The Ni-Al series intermetallic compound has that density is low, high temperature specific tenacity and advantages such as specific rigidity height, oxidation-resistance and corrosion resistance and good, have the thermostability of obdurability, electrical and thermal conductivity and the pottery of metal concurrently, of many uses aspect high-temperature structural material and coating.Inter-metallic compound material is prepared into porous material, can further widens its Application Areas, make full use of its performance advantage.It is raw material with Ni, Al, Co, Fe, Cu and NiAl powder that Chinese patent publication number CN1584083 discloses a kind of, adds the method that thermal booster reaction prepares the Ni-Al intermetallic compound porous material by energising.Chinese patent publication number CN101301630B discloses a kind of with Ni, Al, TiH 2And Al 2O 3Powder is a raw material, adds the ethanol wet-mixed, is matrix by the preparation of self propagating high temperature building-up reactions with NiAl, NiTi, TiAl intermetallic compound, TiO 2And Al 2O 3The composite porous method that disperse distributes.But the porosity of porous material is limited, and also not seeing has Ni-Al series intermetallic compound material and TiC, TiB 2, stupalith such as TiN forms the composite study report.
Summary of the invention
The TiC-TiN-TiB that provides a kind of performance good is provided the object of the invention 2-NiAl matrix material is also made the method for the porous material of special construction with it, with further performance TiC, TiB 2, stupalith such as TiN and Ni-Al series intermetallic compound material performance advantage, enlarge of the application of these materials at aspects such as filtration, separation, catalysis.
Porous material of the present invention is with Ti powder, B 4C powder, Ni powder and Al powder are raw material, and airborne nitrogen also participates in reaction simultaneously, raw material powder and nitrogen generation self propagating high temperature building-up reactions:
Ti+B 4C+Ni+Al+N 2→TiC+TiB 2+TiN+NiAl+Q......①
Generate product TiC, TiB 2, TiN, NiAl, promptly in air by the synthetic skeleton of solid state reaction by granular TiC, TiB 2, TiN and be distributed in composite porous that NiAl between the particle forms, inside has vesicular structure, hole is the unitized construction of perforate and closed pore, porosity is 38.2%~48.6%, perforate aperture 80~200 μ m, closed pore aperture 50~80 μ m, closed pore is distributed in the skeleton of perforate, closed pore wall thickness 4~8 μ m; Whole closed pore wall is the structural form that coarse particle is closely piled up, and has high ultimate compression strength, and compressive strength at room temperature reaches 31.2~46.2Mpa.

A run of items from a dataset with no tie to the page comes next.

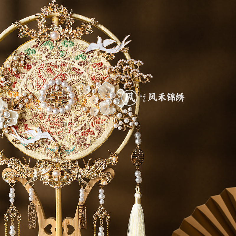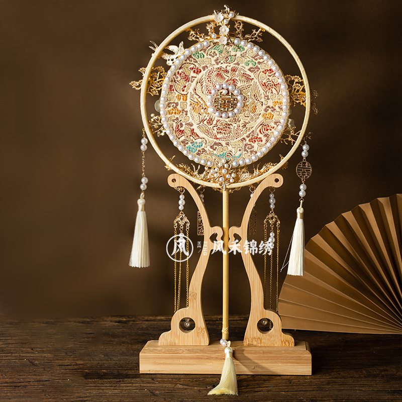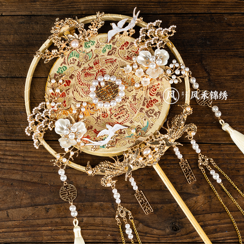 Group fan bride wedding golden show and fan Chinese wedding fan hand retro style wedding fan diy material bag-Taobao
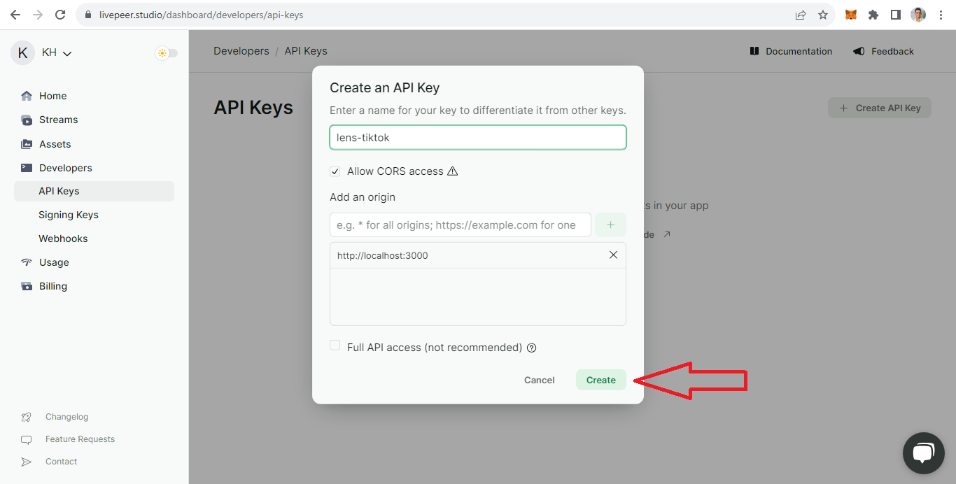 بعد ذلك، انقر فوق "Create an API Key"، وقم بإعطاء اسم لمفتاحك ثم انسخه حيث سنحتاج إليه لاحقًا.
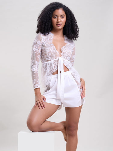 Add a touch of elegance to your wardrobe with the White Chantilly Lace Shrug & Shorts Set. Crafted from lightweight, delicate lace, the shrug ties at the front to create a soft, feminine look. Paired with high-waisted lace shorts designed for a comfortable and flattering fit, this set offers effortless style for lounging or special occasions. Ethically made in our atelier and finished with Mysthelle's signature gold hardware, it's a timeless and versatile addition to your collection.
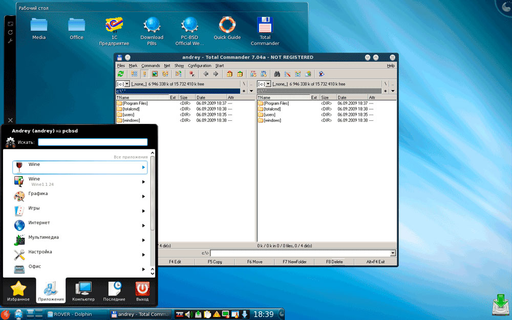 В наборе ПО мы также обнаружили Wine и не упустили случая опробовать его в действии. 1С Предприятие хотя и установилось, но запускаться отказалось, в тоже время Total Commander заработал без проблем. Попытка установить более серьезный софт, такой как MS Office 2003 или Adobe Photoshop потерпела фиаско еще на стадии установки.

The present invention controls blank density by changing proportioning, can obtain the porous TiC-TiB of different porosities, intensity 2-TiN-NiAl matrix material, this porous material can be widely used in this porous material can be widely used in filtration, separating component and support of the catalyst etc. in metallurgy, chemical industry, environmental protection, the energy, biology, food, the medicine and other fields.
Porous TiB of the present invention 2-TiC-TiN-NiAl matrix material is prepared by following method:
The first step: powder is prepared
Raw material adopts titanium valve (Ti), the norbide (B of commercial powder shape 4C), nickel powder (Ni) and aluminium powder (Al),, norbide (B wherein 4C), nickel powder (Ni) granularity is 200 orders, titanium valve (Ti), aluminium powder (Al) granularity are 100 orders.
Second step: reaction mass configuration
At first respectively with reaction mass Ti and B 4C becomes (4Ti+B according to 4: 1 proportionings of mol ratio 4C) powder, reaction mass Ni and Al become (Ni+Al) powder according to 1: 1 proportioning of mol ratio; And then with (the 4Ti+B of above-mentioned acquisition 4C) powder and (Ni+Al) powder are according to (4Ti+B 4C): (Ni+Al)=(40~70): the part by weight of (30~60) is made into reaction mass.
The 3rd step: base
Make cylindrical green compact with colding pressing after second step, the reaction mass that configures mixed;
Three-dimensional mixer dry mixed 6-8h is generally adopted in the mixing of above-mentioned reaction mass;
The general Φ 50mm of the diameter of above-mentioned cylindrical green compact, height are generally 100mm, and the pressure during base is generally 50~65Mpa.
The 4th step: composite porous is synthetic
With the preheating of sample pressed compact, obtain porous TiC-TiN-TiB by the self propagating high temperature building-up reactions 2-NiAl matrix material, this composite porous hole are the unitized constructions of perforate and closed pore, and porosity is 38.2%~48.6%, perforate aperture 80~200 aperture μ m, closed pore aperture 50~80 μ m.Closed pore is distributed in the skeleton of perforate, wall thickness 4~8 μ m, and compressive strength at room temperature reaches 31.2~46.2Mpa.
Above-mentioned porosity and compressive strength at room temperature detect respectively according to standard GB/T1966-1996 and GB/T1964-1996.
The said sample pressed compact generally adopts 300 ℃ of preheatings of process furnace 1 hour.
The present invention can prepare the porous TiC-TiN-TiB of different porosities, intensity by the content of adjusting base pressure, (Ni+Al) 2-NiAl matrix material.The sample pressed compact is put into process furnace, 300 ℃ of preheatings of temperature 1 hour.
The national standard that above-mentioned porosity and compressive strength at room temperature detect foundation is respectively GB/T1966-1996, GB/T1964-1996.
Adopt above-mentioned technical scheme, the present invention has the following advantages:
(1) technology is simple, and is with low cost, need not additionally to add pore-forming material, toughener, and reaction process is utilized Ti+B 4C+Ni+Al+N 2→ TiC+TiB 2+ TiN+NiAl+Q system self heat release makes TiC, TiN, TiB 2With NiAl mutually generation and acquisition one step of porous material finish, and in air, under lower temperature, carry out, reduced porous TiC-TiN-TiB 2The manufacturing cost of-NiAl matrix material.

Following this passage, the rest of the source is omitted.